_Your task:_
The task calls for the lines from the start of the entries below through the line with "钻石级质子膜、SPE电解法、1/50秒电解槽自动逆洗技术、17段碱性微调功能", given again verbatim, with every picture dropped.

_Supplied data:_
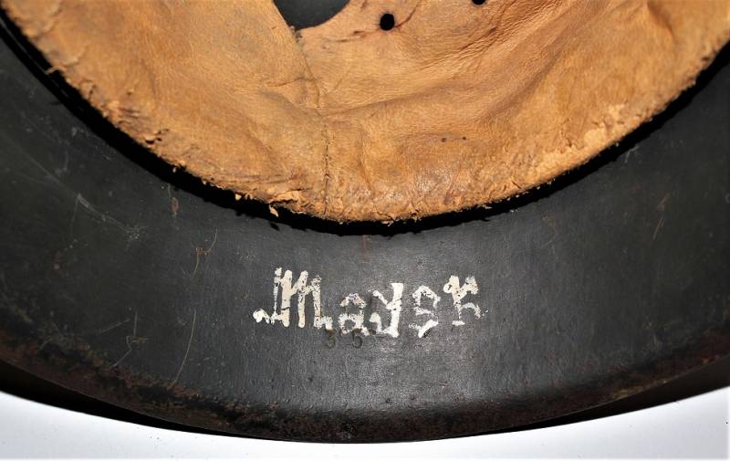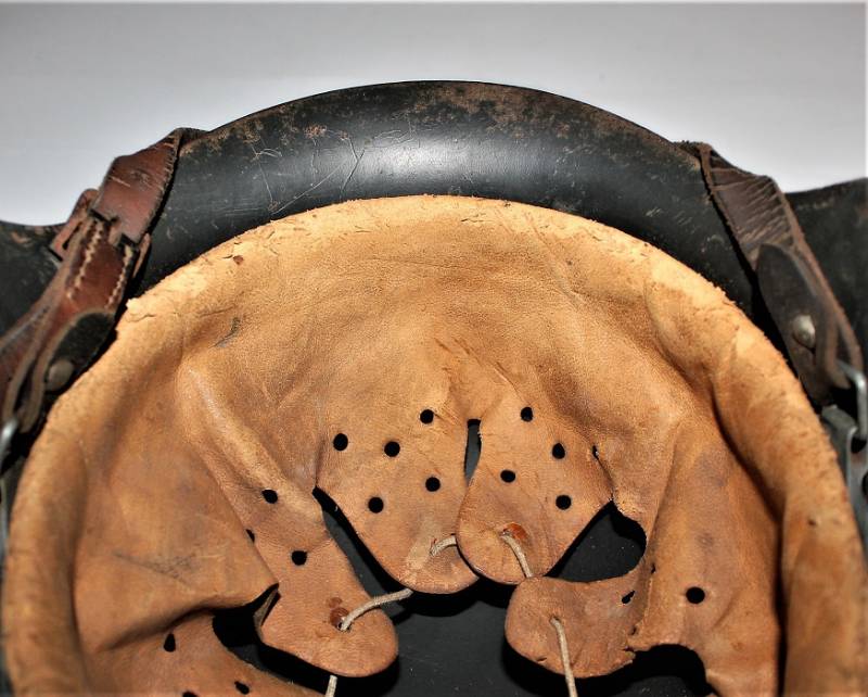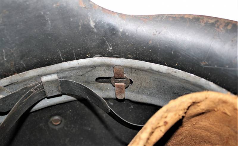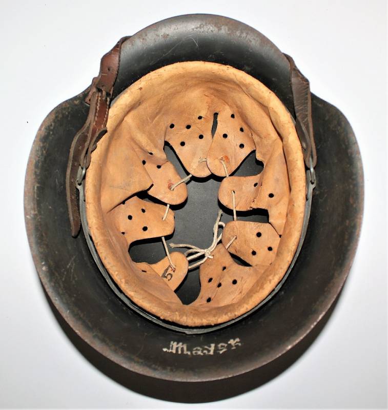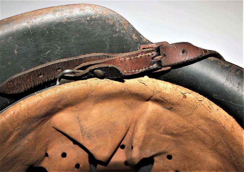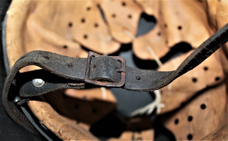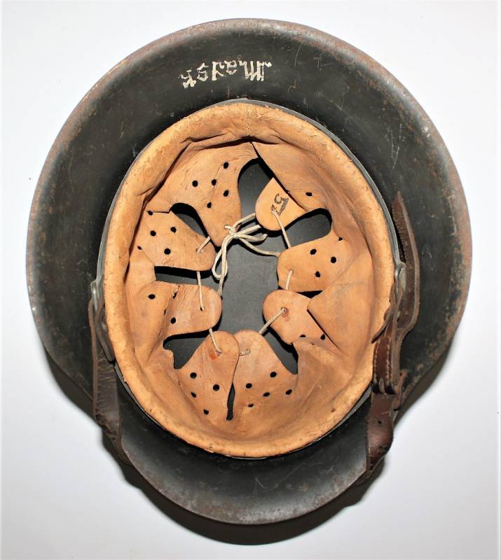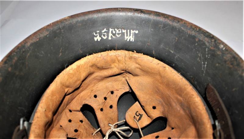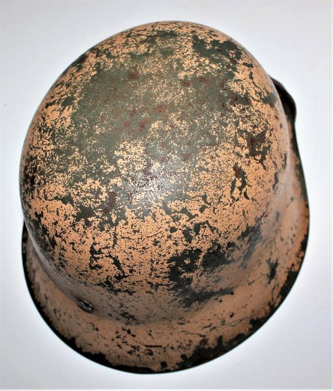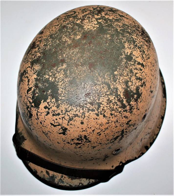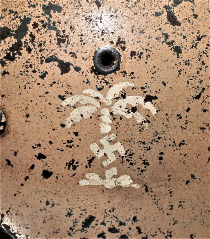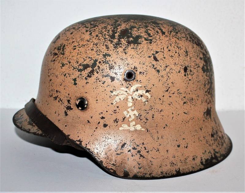 M42 tropical helmet DAK of the LW in excellent condition with slight patina of time and use, 80% DAK yellow camouflage paint with palmette designed by the soldier on the left side, complete in all its parts, inside and chinstrap never disassembled or damaged, marked on the iron with manufacturer´s code and iron size 64, leather size 57, chinstrap marked with manufacturer´s name and date. Internally on the iron the name of the soldier written in paint. Original 100% WWII period.
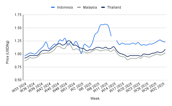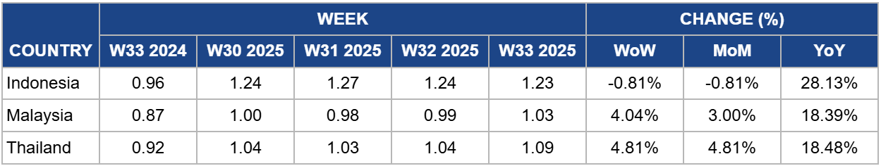 Malaysia's palm oil prices increased in W33, rising 4.04% WoW to USD 1.03/kg and 18.39% YoY, supported by gains in futures, with the three-month benchmark at USD 1034.92/mt (MYR 4,372/mt) and FOB Malaysia for Aug-25 delivery reaching USD 1,062/mt, the highest so far this year. However, analysts note that rising stockpiles, which hit a 19-month high of 2.11 mmt in Jul-25, alongside continued production growth expected to peak in Sep-25 to Oct-25, could cap further upside in the near term. Price support may re-emerge later in Q4-2025 as Indian festive demand strengthens and output slows with the monsoon, while elevated soybean oil prices keep palm oil competitive in global markets.
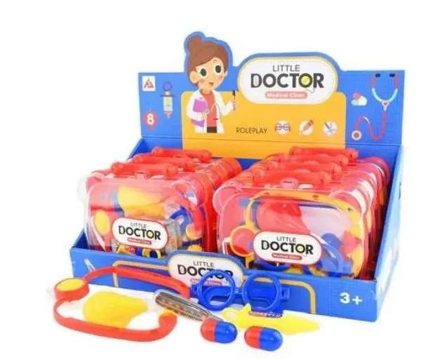 Ten kompaktowy zestaw zawiera 6 elementów: termometr, strzykawkę, stetoskop, receptę/notes, tabletki oraz okulary. Poprzez zabawę dziecko może w prosty i przyjemny sposób oswoić się z wizytą u lekarza. Wszystko zapakowane jest w poręczną, kolorową walizeczkę o wymiarach 19 x 16 x 5 cm.
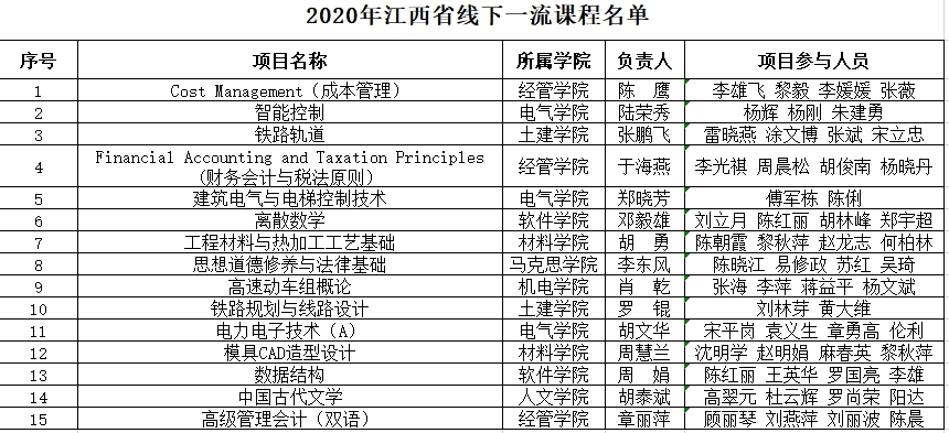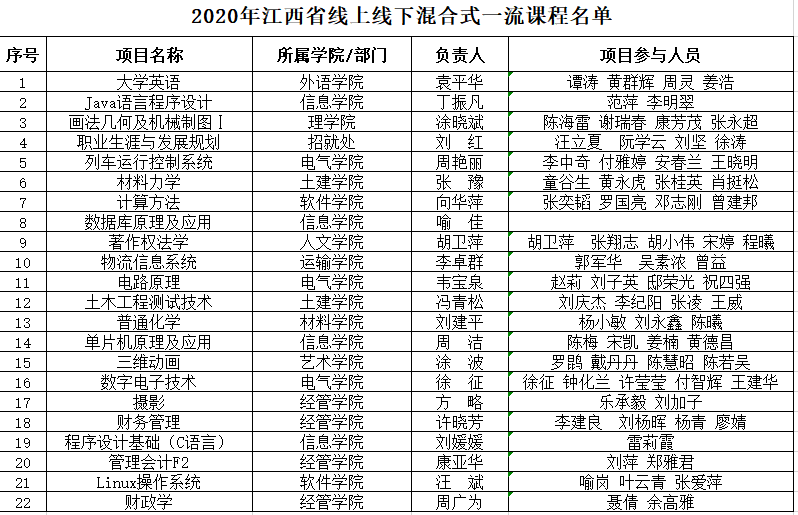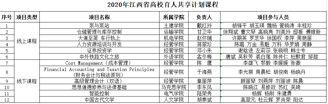 日前,教育厅公布了2020年江西省线下、线上线下混合式、社会实践“三类”一流本科课程暨高校育人共享计划课程认定结果。开元袁平华教授主持的《大学英语》等37门课程获批2020年省级一流本科课程,获批数在省内申报高校中排名第三;戴红玲老师主持的《泵与泵站》等12门课程获批2020年高校育人共享计划课程。
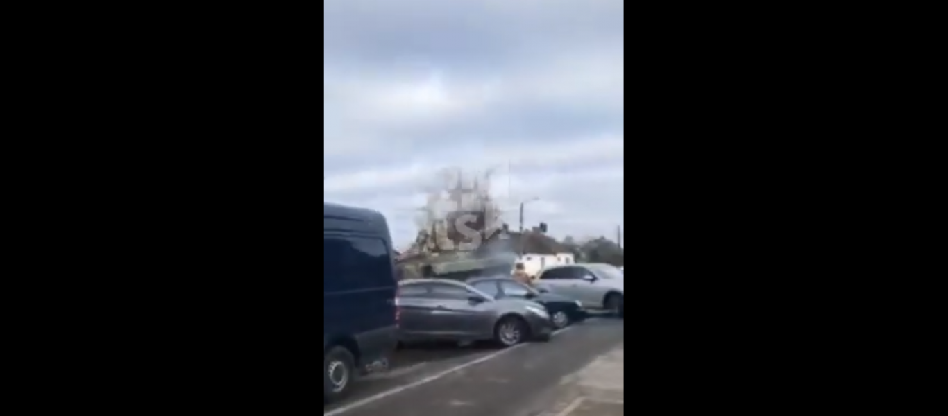 Την ίδια στιγμή βίντεο δείχνει ένα τανκ στην Ουκρανία να περνάει πάνω από τα αυτοκίνητα.
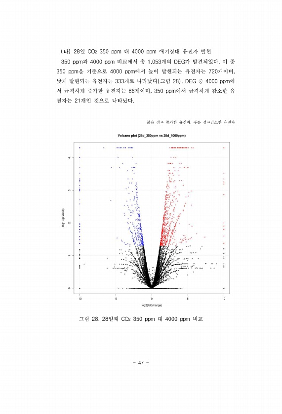 47 타 28일 CO2 350 ppm 대 4000 ppm 애기장대 유전자 발현 350 ppm과 4000 ppm 비교에서 총 1,053개의 DEG가 발견되었다. 이 중 350 ppm을 기준으로 4000 ppm에서 높이 발현되는 유전자는 720개이며, 낮게 발현되는 유전자는 333개로 나타났다 그림 28 DEG 중 4000 ppm에 서 급격하게 증가한 유전자는 86개이며, 350 ppm에서 급격하게 감소한 유 전자는 21개인 것으로 나타났다. 붉은 점⇒ 증가한 유전자, 푸른 점⇒감소한 유전자 그림 28. 28일째 CO2 350 ppm 대 4000 ppm비교
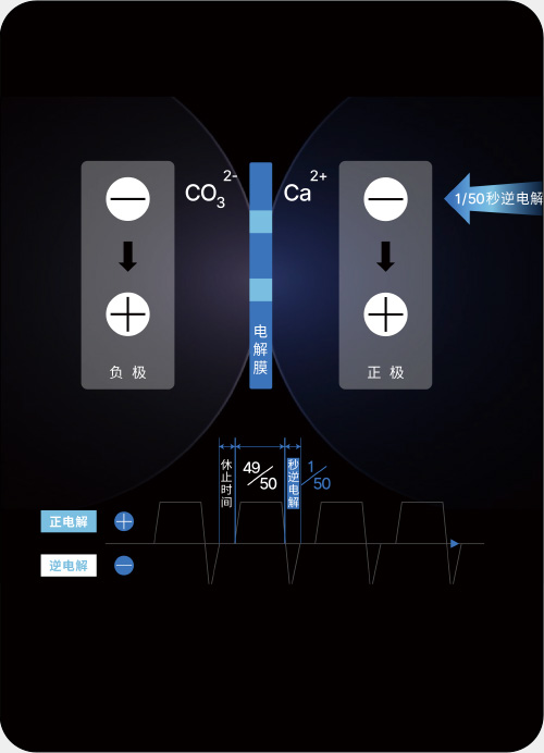 钻石级质子膜、SPE电解法、1/50秒电解槽自动逆洗技术、17段碱性微调功能
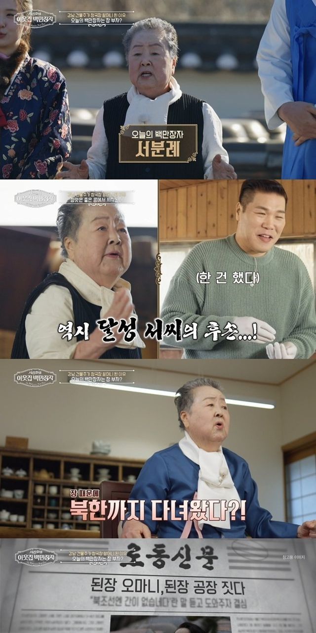 한편 이번 방송에서는 서분례를 둘러싼 또 하나의 놀라운 사건, 바로 북한 진출에 얽힌 숨은 사연도 공개된다. 멀리서도 비법을 배우러 찾아올 정도로 ‘장 박사’라 불리며 명성을 떨치던 서분례는 2006년, “북한에 된장 공장을 지어달라”는 뜻밖의 요청을 받고 직접 북한 땅을 밟게 됐다. 서분례는 “북한 관계자와 처음 마주 앉았을 때 너무 긴장해 무슨 말을 해야 할지 몰랐다”고 당시를 떠올린다. 하지만 이어진 북한 관계자의 한마디는 그녀의 마음을 움직였고, 결국 서분례는 그들을 돕겠다는 결심을 하게 됐다. 이후 그녀는 북한의 된장 공장 건립을 성공적으로 이끌었고, 그 공로로 북한 신문에 ‘된장 오마니’라는 이름으로 대서특필되며 또 하나의 전설을 남겼다.
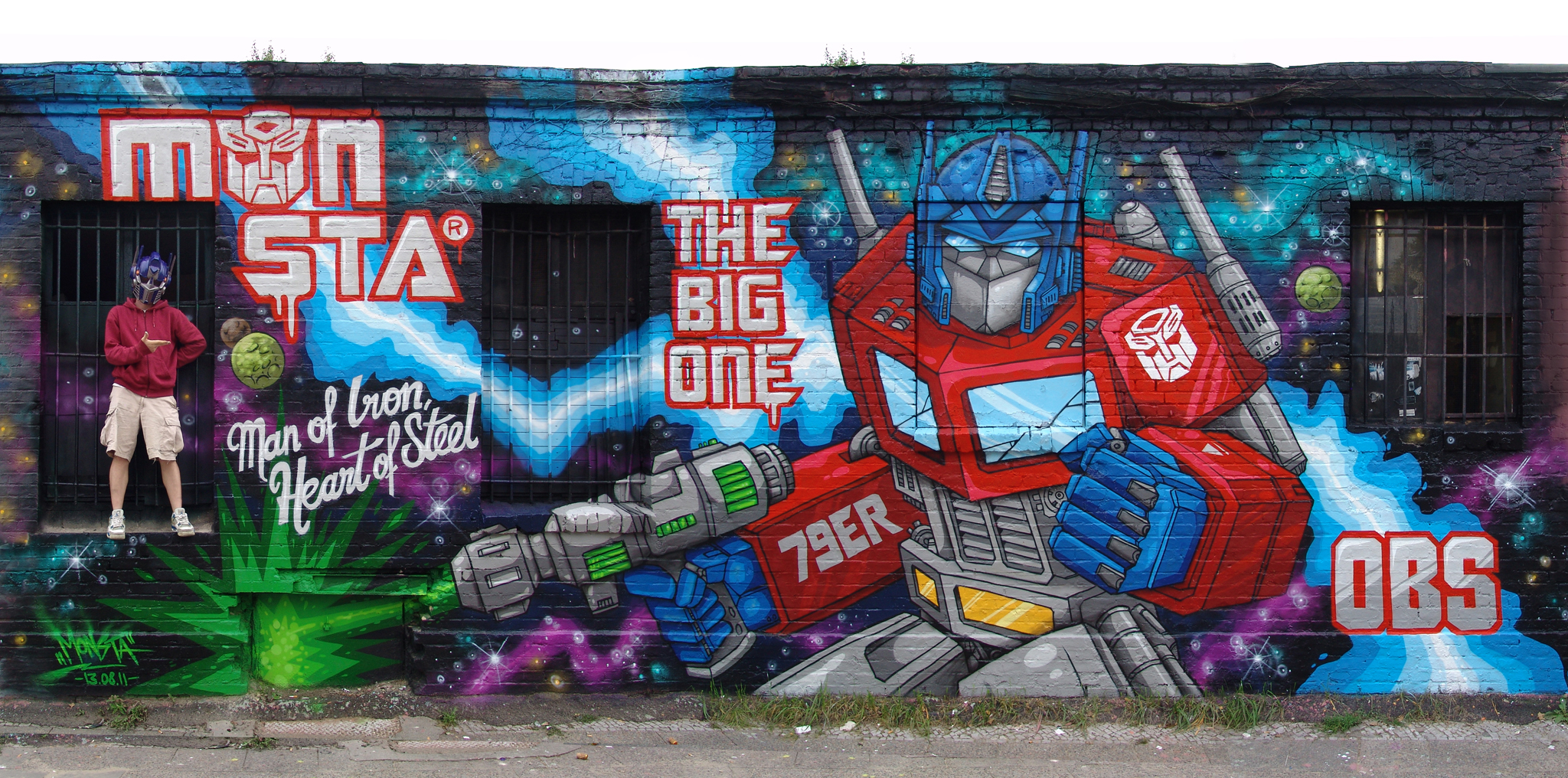 Monsta179 has been an active graffiti writer since 1994 and is a member of the OBS crew. Mainly he paints in the Berlin-Brandenburg area, but also if he is abroad. Over the years, he has used different names but always paints for the OBS crew. He creates classic graffiti, letters, characters and backgrounds. He prefers to create colorful and clear artwork with a lot of details. He has a passion for comics, which you can see in his graffiti. Apart from creating street art, he also does commissioned work, though this work has nothing in common with his graffiti. He clearly separates those parts of his life. His work has never been exhibited and is hard to find online. THE HAUS is the first public exhibition he is participating in. From now on he plans to attend more art and graffiti projects.

_Task output:_
 M42 tropical helmet DAK of the LW in excellent condition with slight patina of time and use, 80% DAK yellow camouflage paint with palmette designed by the soldier on the left side, complete in all its parts, inside and chinstrap never disassembled or damaged, marked on the iron with manufacturer´s code and iron size 64, leather size 57, chinstrap marked with manufacturer´s name and date. Internally on the iron the name of the soldier written in paint. Original 100% WWII period.
 Malaysia's palm oil prices increased in W33, rising 4.04% WoW to USD 1.03/kg and 18.39% YoY, supported by gains in futures, with the three-month benchmark at USD 1034.92/mt (MYR 4,372/mt) and FOB Malaysia for Aug-25 delivery reaching USD 1,062/mt, the highest so far this year. However, analysts note that rising stockpiles, which hit a 19-month high of 2.11 mmt in Jul-25, alongside continued production growth expected to peak in Sep-25 to Oct-25, could cap further upside in the near term. Price support may re-emerge later in Q4-2025 as Indian festive demand strengthens and output slows with the monsoon, while elevated soybean oil prices keep palm oil competitive in global markets.
 Ten kompaktowy zestaw zawiera 6 elementów: termometr, strzykawkę, stetoskop, receptę/notes, tabletki oraz okulary. Poprzez zabawę dziecko może w prosty i przyjemny sposób oswoić się z wizytą u lekarza. Wszystko zapakowane jest w poręczną, kolorową walizeczkę o wymiarach 19 x 16 x 5 cm.
 日前,教育厅公布了2020年江西省线下、线上线下混合式、社会实践“三类”一流本科课程暨高校育人共享计划课程认定结果。开元袁平华教授主持的《大学英语》等37门课程获批2020年省级一流本科课程,获批数在省内申报高校中排名第三;戴红玲老师主持的《泵与泵站》等12门课程获批2020年高校育人共享计划课程。
 Την ίδια στιγμή βίντεο δείχνει ένα τανκ στην Ουκρανία να περνάει πάνω από τα αυτοκίνητα.
 47 타 28일 CO2 350 ppm 대 4000 ppm 애기장대 유전자 발현 350 ppm과 4000 ppm 비교에서 총 1,053개의 DEG가 발견되었다. 이 중 350 ppm을 기준으로 4000 ppm에서 높이 발현되는 유전자는 720개이며, 낮게 발현되는 유전자는 333개로 나타났다 그림 28 DEG 중 4000 ppm에 서 급격하게 증가한 유전자는 86개이며, 350 ppm에서 급격하게 감소한 유 전자는 21개인 것으로 나타났다. 붉은 점⇒ 증가한 유전자, 푸른 점⇒감소한 유전자 그림 28. 28일째 CO2 350 ppm 대 4000 ppm비교
 钻石级质子膜、SPE电解法、1/50秒电解槽自动逆洗技术、17段碱性微调功能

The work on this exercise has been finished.